The wave of populism that washed over the United Kingdom, the United States and many other countries from 2016 onwards looks like it may now be receding.
But some of its effects will linger. For the UK, the departure from the European Union will take decades to reverse, and indeed Brexit is perhaps irreversible. And the US now has a conservative majority of 6:3 in its Supreme Court.
Until and unless its composition changes, Americans are stuck with a court where six of the nine judges were nominated by Republican presidents— including three nominated by Donald Trump—and take a conservative approach to their jurisprudence.
Is there anything that can be done about this? Or should those who favour a liberal approach to the law simply wait for vacancies in due course? Should there be action or should there be patience?
The current and outgoing Democratic president Joe Biden believes there should be action, and that it should include a term limit for judges. In a statement, the White House said:
“Congress approved term limits for the presidency over 75 years ago, and President Biden believes they should do the same for the Supreme Court. The United States is the only major constitutional democracy that gives lifetime seats to its high court justices.”
It added: “Term limits would help ensure that the court’s membership changes with some regularity; make timing for court nominations more predictable and less arbitrary; and reduce the chance that any single presidency imposes undue influence for generations to come. President Biden supports a system in which the president would appoint a justice every two years to spend 18 years in active service on the Supreme Court.”
Others in his party favour expanding the court from nine to 13 judges by appointing further justices. They observe that the US Constitution is silent on the number of judges in the Supreme Court and argue there is no more reason to have nine justices than there is to have 13.
Of course, one suspects that the Democrats would be less anxious about the composition and structure of the Supreme Court if the 6:3 majority was in their favour. And it is true that Democrats were simply outmanoeuvred for two recent appointments by Republicans in the Senate, with a Republican majority in the Senate delaying the approval of one justice until Barack Obama left office and speedily approving another before Biden took office.
There is force in the view that Democrats should just take the hit and wait their turn. And if the court is expanded to 13, what objection will there be in principle to Republicans then expanding the court to 17, and so on. Appointing further justices appears a dead end.
But there would be merit in Biden’s proposal of a term limit even if the majority in the court was the other way around.
The UK has an age limit of 75 for membership of its Supreme Court. This means that there is a steady turnover of the UK’s most senior judges. Not a single current member of the UK Supreme Court was there before 2012, and only two of the 12 members can possibly still be in post in 12 years’ time. Indeed, three of the judges—a quarter of the total—will have to retire in the next five years.
This turnover is a good thing, for a Supreme Court should be about the law and not about personalities. Yes, from time to time there will be great and charismatic judges. There will also be appalling and self-promoting judges. But the character of an individual judge should never matter too much.
As with term limits, age limits raise the obvious problem of losing experience and wisdom to an arbitrary cut-off.

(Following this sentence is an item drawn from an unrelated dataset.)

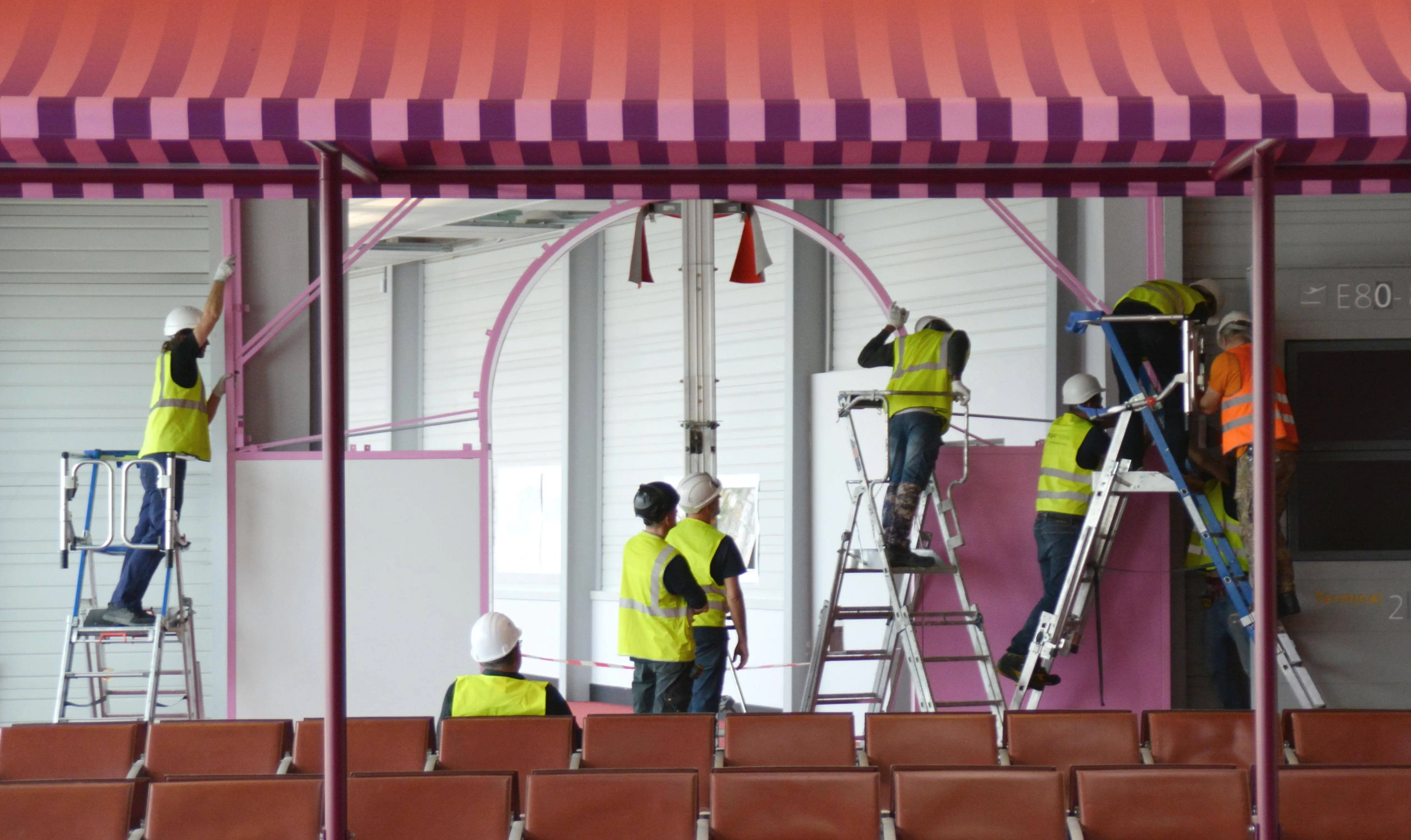 L’objectif était de créer un espace immersif destiné à accueillir les délégations sportives, les journalistes et les visiteurs du monde entier, à leur arrivée comme à leur départ, en incarnant l’esprit des JO dans un contexte aéroportuaire.

But that concern has to be balanced against the need to prevent possible misuse of lifetime appointments.
The Biden proposal of a limit of 18 years, with an appointment every two years, means that no one president or Senate will be able to dominate Supreme Court appointments. It means that a markedly radical president—whether liberal or conservative, or even something else—will not benefit from a windfall of vacancies.
Unlike expanding—that is, packing—the court, introducing term limits makes sense from a non-partisan perspective. It is something that could and should appeal as much to a conservative faced with the prospect of a young liberal majority in the court as it does to the liberal facing the current conservative majority.

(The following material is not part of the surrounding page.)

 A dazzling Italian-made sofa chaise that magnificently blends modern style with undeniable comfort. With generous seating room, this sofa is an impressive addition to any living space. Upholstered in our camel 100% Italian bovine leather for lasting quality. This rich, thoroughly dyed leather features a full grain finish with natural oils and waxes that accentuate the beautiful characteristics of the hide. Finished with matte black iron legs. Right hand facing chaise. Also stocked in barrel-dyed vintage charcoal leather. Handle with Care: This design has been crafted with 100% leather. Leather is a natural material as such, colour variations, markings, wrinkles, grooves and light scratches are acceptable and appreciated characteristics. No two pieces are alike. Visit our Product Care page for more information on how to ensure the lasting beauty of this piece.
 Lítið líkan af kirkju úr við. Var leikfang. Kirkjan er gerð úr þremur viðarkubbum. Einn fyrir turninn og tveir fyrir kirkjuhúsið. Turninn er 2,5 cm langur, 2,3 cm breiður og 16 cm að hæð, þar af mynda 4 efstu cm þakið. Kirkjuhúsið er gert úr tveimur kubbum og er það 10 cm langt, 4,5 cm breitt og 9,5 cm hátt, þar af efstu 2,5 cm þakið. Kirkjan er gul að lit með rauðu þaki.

The only question is the length of the term. Eighteen years is a long time: four-and-a-half presidential terms or three Senate terms. But it seems about right: most justices with the appropriate experience are appointed in their 50s and so it would fit with the current age profile of judges.
As the White House statement observes, there is a term limit for presidents—and this is imposed regardless of what the electorate may want. There appears no inherent reason why there cannot be term limits for others who derive their power from the text of the constitution. Of course, the implication is that there should also be term limits for legislators—and that is not a bad idea either.